ClinVar

Description

The c.805_825dup21 pathogenic mutation (also known as p.F269_H275dup), located in coding exon 6 of the AIP gene, results from an in-frame duplication of 21 nucleotides at nucleotide positions 805 to 825. This results in the duplication of 7 extra residues (FKRGKAH) between codons 269 and 275. This duplication has been reported in multiple individuals with familial isolated pituitary adenomas (FIPA) resulting in gigantism and/or acromegaly, although some carriers in these families remained unaffected (Leontiou CA et al.

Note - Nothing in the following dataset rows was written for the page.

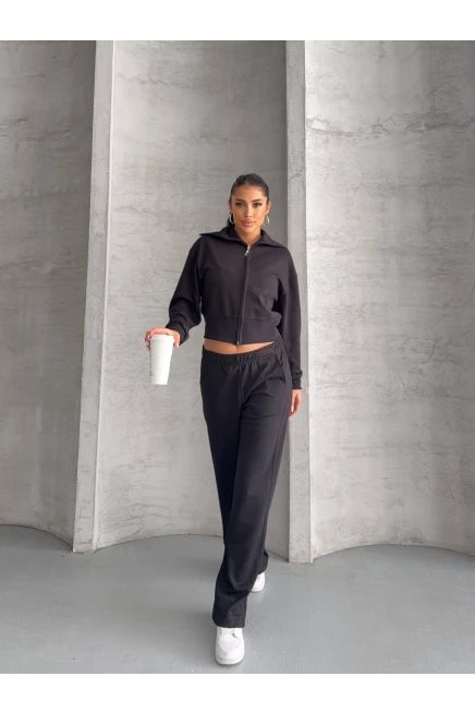 Modal Kumaş Crop Üst Eşofman Takım Siyah
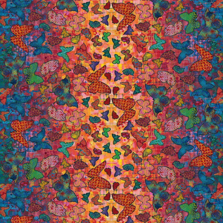 Introducing Wings of Wonder, my latest fabric line that I created to celebrate the magical beauty and inspiring transformation of butterflies. There is something truly heartwarming about these delicate creatures — their journey from humble caterpillars to graceful butterflies reminds us of God’s infinite creativity. The centerpiece of this collection is a 1-yard panel featuring a vibrant rainbow background filled with intricate patterns and lacy medallions. Butterflies gently swirl across the fabric, starting with large, bold butterflies at the bottom and gradually transforming into smaller, whimsical butterflies at the top. This design captures the graceful movement and serene beauty of butterflies. To complement the panel, I designed a variety of playful and colorful coordinating patterns. Tapestry features flowers and butterflies dancing on a rich blue-green background. Glow and Pebbles offer two cheerful dot patterns — Glow in a vivid pink and Pebbles in a bright rainbow of colors. Lacy showcases elegant medallions on a warm, rich ground of red, orange, and pink, while Fiesta bursts with vibrant, multi-colored starbursts. Wings presents smaller butterflies fluttering across a scaled-down version of the panel’s intricate background. Circle Pop adds a modern, lively touch with bold, popping paper circles on a dramatic black background. As always, I’m excited and grateful to see the wonderful creations you make with this collection. Whether you’re crafting quilts, accessories, or garments, Wings of Wonder is designed to spark joy, creativity, and a sense of wonder. Let your imagination take flight!
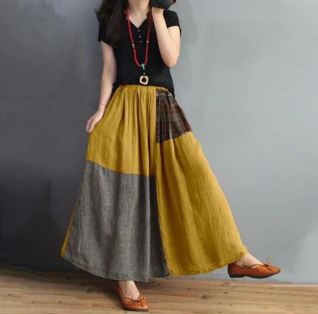 Spring and Summer Retro Literary Style Loose Elastic Waist Colorblocking Cotton Half-body Skirt Thin A-line Skirt
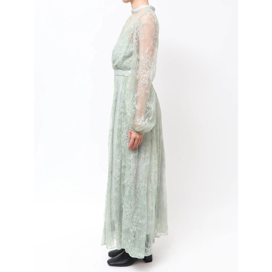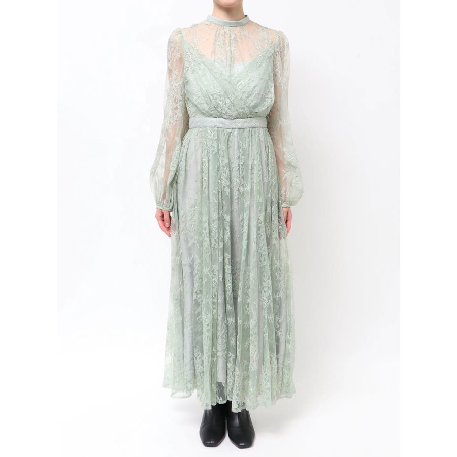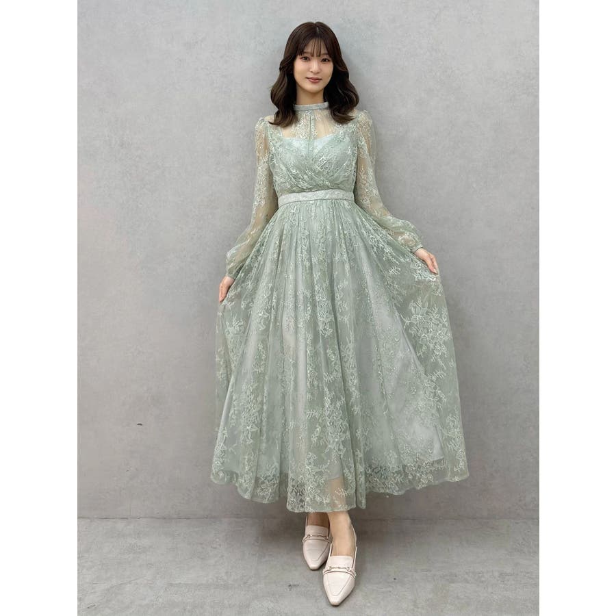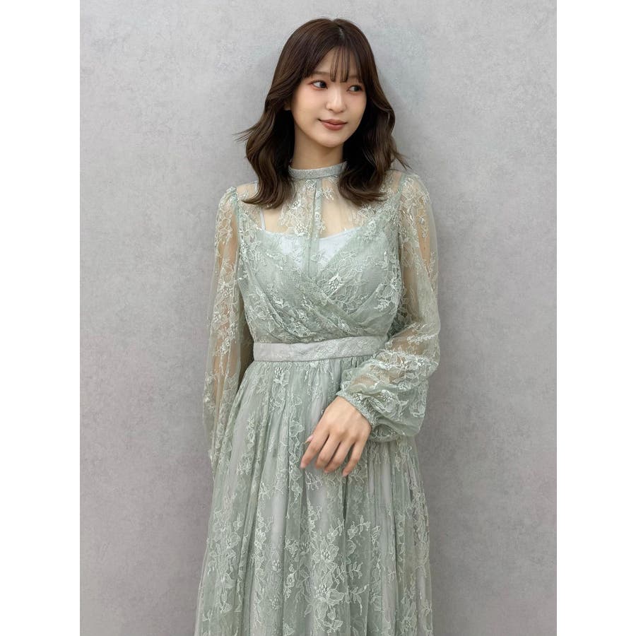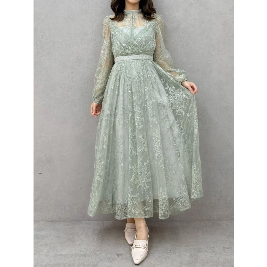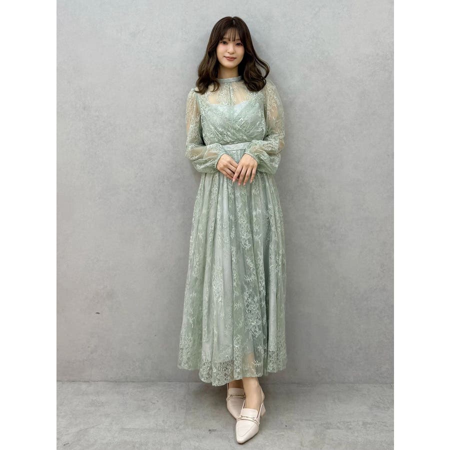 繊細なレースを贅沢に使用した、大人っぽいロングドレス。ハイネックデザインながら、胸元はカシュクール仕立てでレースを重ね、立体感と華やかさをプラスしました。ウエストは高めの位置で切り替え、スタイルアップ効果も抜群。スカート部分にはたっぷりとギャザーを寄せながらも、腰位置では広がりすぎない絶妙なシルエットに仕上げています。歩くたびにレースが軽やかに揺れ、女性らしさを引き立てる一枚。大人っぽいグリーンと、柔らかな印象のベージュの2色展開で、イベントシーズンにも映える華やかなドレスです。▼スタイリング ハイネックデザインなので、アップヘアにして大振りのピアスなど、アクセサリーでポイントにするのがおすすめです。※画像は全てサンプルです。※SM着丈差7cm※ベージュの裏地はもう少しピンク味が強くなります。
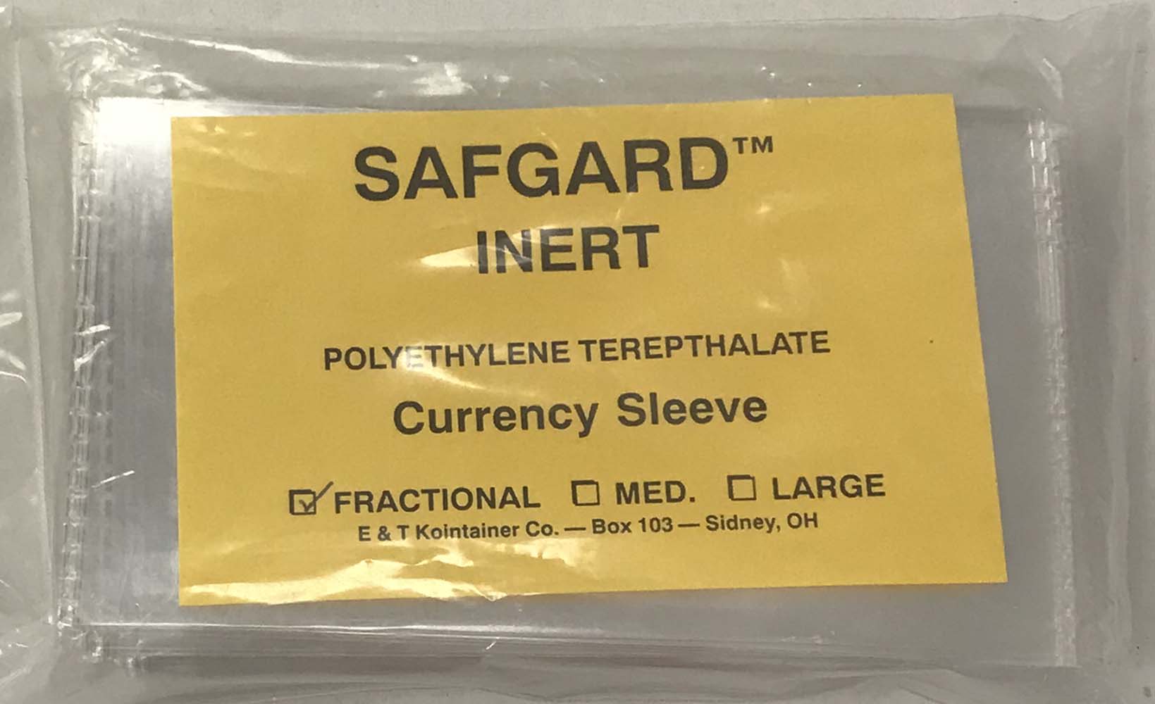 Safgard sleeves use the same great, inert, pure 4 mil Mylar as is used for Saflips to safely preserve currency, large coins, postcards and other similar items. Sold in packs of 50 sleeves.

J. Clin. Endocrinol. Metab. 2008 Jun;93(6):2390-401; Igreja S. et al. Hum. Mutat. 2010 Aug;31(8):950-60; Salvatori R. et al. Eur. J. Endocrinol. 2017 Sep;177(3):257-266; Cazabat L et al. J. Clin Endocrinol. Metab. 2012 Apr;97(4):E663-70). One affected individual also developed a GIST (Hernandez-Ramire LC et al. J. Clin. Endocrinol. Metab. 2015 Sep;100(9):E1242-54). Authors of one study proposed replication slipage as the mechanism for this duplication and report this as an English founder mutation due to a shared haplotype around AIP in affected, unrelated individuals (Salvatori R. et al. Eur. J. Endocrinol. 2017 Sep;177(3):257-266). In addition, co-immunoprecipitation with this AIP mutant and HSP90 showed lack of interaction between these two proteins, resulting in reduced protein stability (Salvatori R. et al. Eur. J. Endocrinol. 2017 Sep;177(3):257-266). Furthermore, this variant was not reported in population-based cohorts in the Genome Aggregation Database (gnomAD). Of note, this mutation is also referred to as c.794_823dup (p.A247_H275ins10) in published literature. Based on the supporting evidence, this alteration is interpreted as a disease-causing mutation.